Un protagonista carismático y guapo, una asombrosa plasticidad en los “personajes” animales y un muy eficaz manejo de las emociones es lo que mejor ofrece “EL PLANETA DE LOS SIMIOS: (R) EVOLUCIÓN”.
Lo demás (y esto también) es cine pop corn en todo su ancho y largo, sin darle más vueltas ni soñarse reflexiones en torno a las teorías darwinianas…
El guión imagina el antes de lo que cuenta “El planeta de los simios” de 1968, es decir, la génesis de aquello que terminó con el planeta Tierra dominado por estos animales.
Will (James Franco) es un científico que investiga para un gran laboratorio, mediante experimentos con monos, la creación de un fármaco que a nivel de cerebro actúa contra enfermedades degenerativas como la que tiene casi postrado a su padre, Charles (John Lithgow). El medicamento en cuestión desarrolla a niveles increíbles la inteligencia de estos animales.

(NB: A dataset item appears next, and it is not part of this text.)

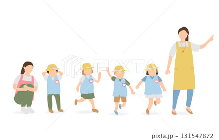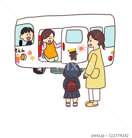 送迎バスに乗り込む園児たちと保育士・幼稚園の先生|保育・幼稚園イラストシリーズ

Una hembra capturada en la selva tiene una cría, la que termina en la casa del científico: se trata de César. La inteligencia de César crece exponencialmente, mientras que el fármaco en experimentación produce efectos milagrosos en Charles.
El simio, al que literalmente le falta modular palabras, crece como el chico de la casa y hasta tiene sus crisis de adolescente.
Buena parte del filme es un emotivo drama familiar, porque la acción y el desastre que publicita la campaña de marketing están solamente en la secuencia final. Y ahí se condensan todos los clichés posibles sobre catástrofes con animales (o mutantes) de por medio, en una ciudad norteamericana hiperpoblada (en este caso, San Francisco), con buenos y malos, policías y sistemas asombrosamente ineptos y un científico sensible e inteligente con conciencia de todo tipo.